Mercury,
January/February 1999 Table of Contents
Can
a star swallow a planet? The extrasolar planets discovered over
the past two years display an odd range of characteristics - from
their masses to the size and shape of their orbits. And they just
may offer us clues to stellar diets.
Eric
Sandquist
Northwestern University
The
discovery of a Jupiter-like planet circling the star 51 Pegasi on
an orbit considerably smaller than that of Mercury was a surprise
to astronomers. Planets like Jupiter, it was thought, could not
form that close to a star because the high temperatures there would
have prevented "icy" and "rocky" solids from condensing out of the
gas. Without a solid core, a giant planet would not be able to form
quickly enough to capture a large amount of gas before the star
sucked it up or drove it out of the system. The 51 Peg discovery
meant that either our ideas about giant planet formation were seriously
flawed or the planet had to have been moved from its birthplace
by some means. Not surprisingly, the second (simpler, and less damaging)

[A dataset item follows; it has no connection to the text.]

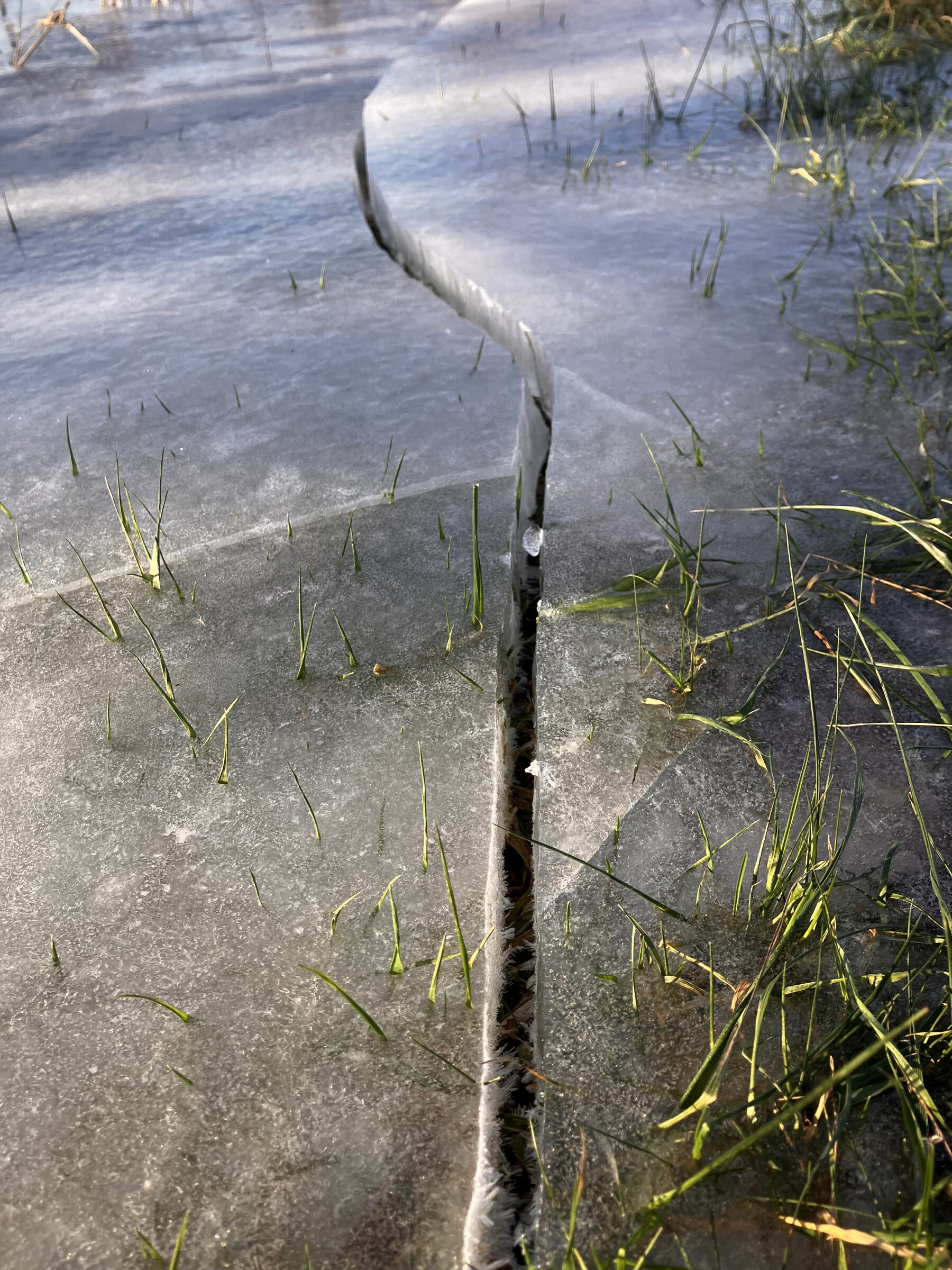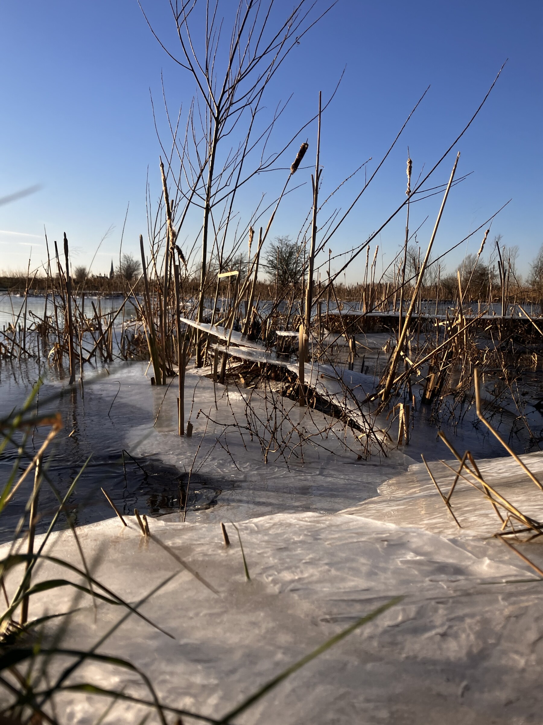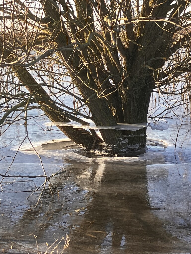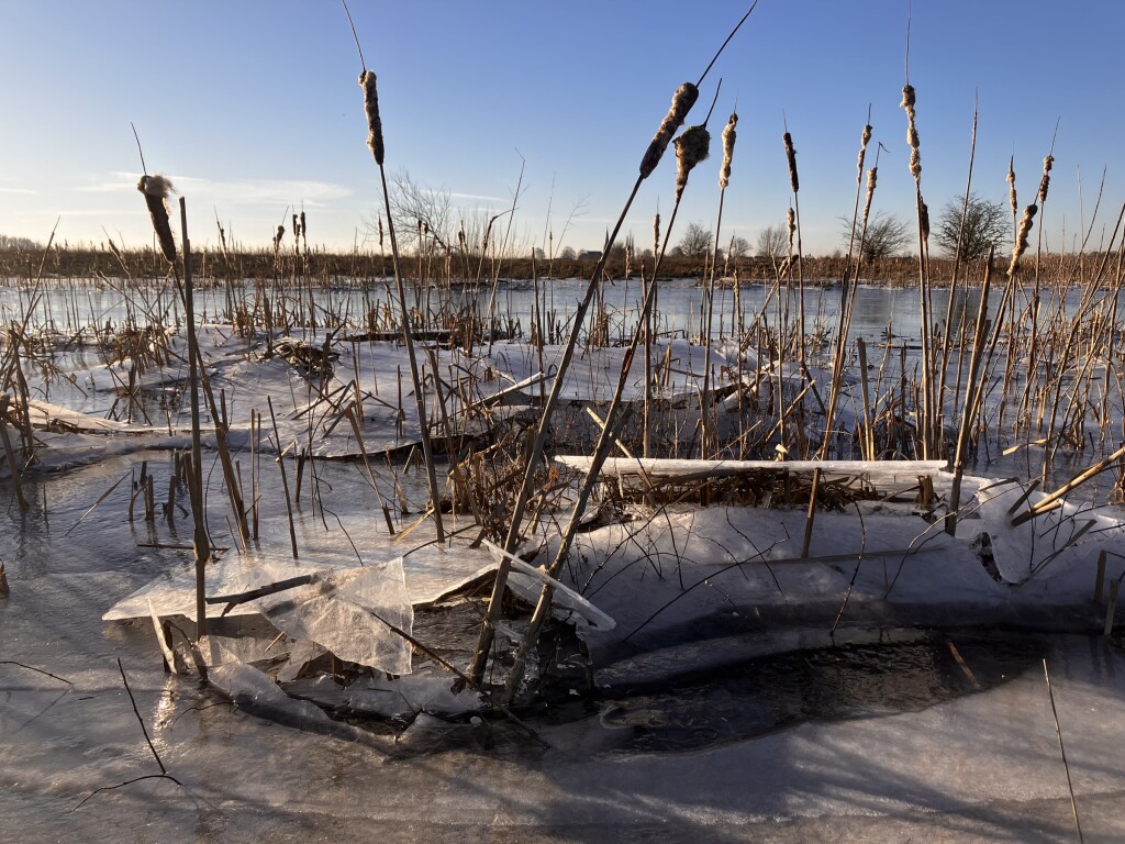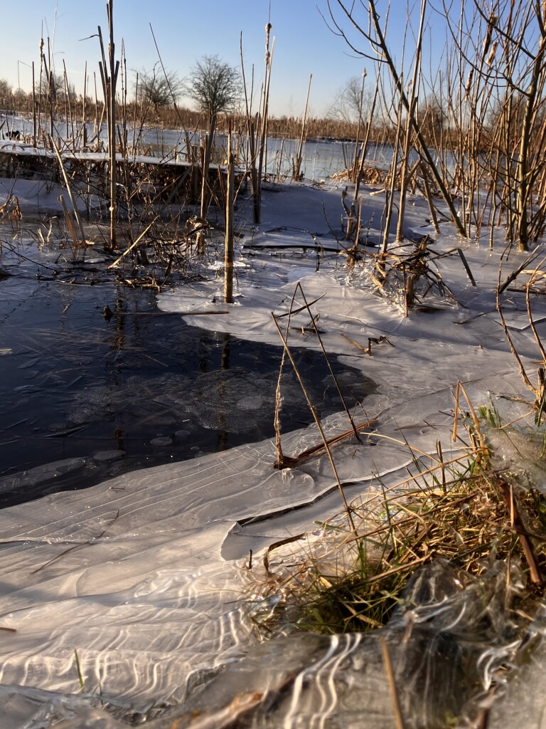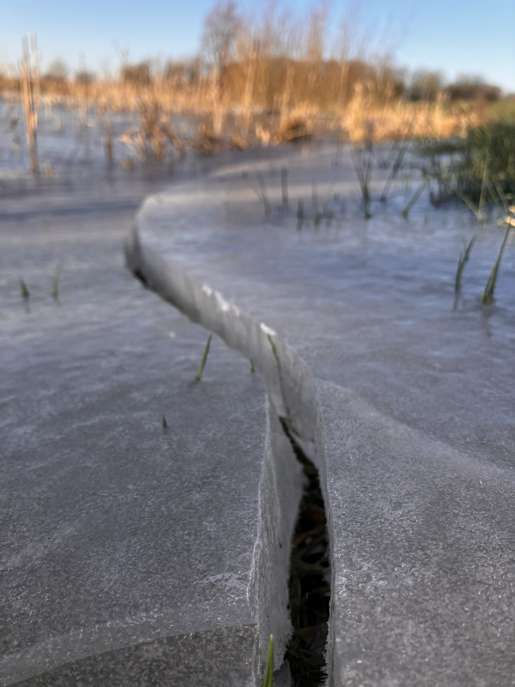 Deze foto’s heb ik vanmorgen langs de Nederrijn gemaakt. Je ziet niet alleen hoe t water gezakt is en ijsschotsen in riet en boomtakken blijven hangen. Als je er bij was hoorde je ook t ‘kabaal’ van ijs dat kapot viel op ijs. Gerinkel alsof een dienblad kristal omviel. Of je hoorde het donkere gekraak, het bewegen en loskomen van het ijs onder invloed van de levende rivier die altijd in motie is.

idea of "planet migration" is currently in vogue. But
if planets can move so close to stars, can they also be caught and
eaten?
A
comparison of the orbits of planets known to circle stars like the
Sun. The Sun is shown to scale in the lower panel. Illustration
courtesy of author.
The
work that my collaborators -- Ronald Taam at Northwestern University,
Doug Lin at the University of California at Santa Cruz, and Andreas
Burkert at the Max-Planck-Institute for Astronomy in Heidelberg
-- and I have been doing relates to whether it is possible to determine
if a star has eaten a planet by looking at the chemical composition
of the star's surface. To understand how realistic this scenario
might be, we must first look at what the know extrasolar planets
tell us.
What's
for Dinner?
Looking
at the newly discovered planetary systems with an open mind, we
see that none of them bear an obvious resemblance to our own. The
planets that have been detected display an odd range of characteristics
-- from their masses to the size and shape of their orbits. Of the
eleven confirmed as of this writing, only the planet circling 47
Ursae Majoris reasonably conforms to the expectations astronomers
had based on the Solar System. Even so, that planet is at least
2.4 times more massive than Jupiter and occupies an orbit slightly
larger than that of Mars.
There
is some evidence that the remaining extrasolar planets split into
two subgroups, though there is still a chance that we may be misled
by the small size of the sample. One subset -- those around the
stars 70 Virginis, 16 Cygni B, 14 Herculis, HD 114762, and Gliese
876 -- is notable for the large eccentricity of the planet orbits.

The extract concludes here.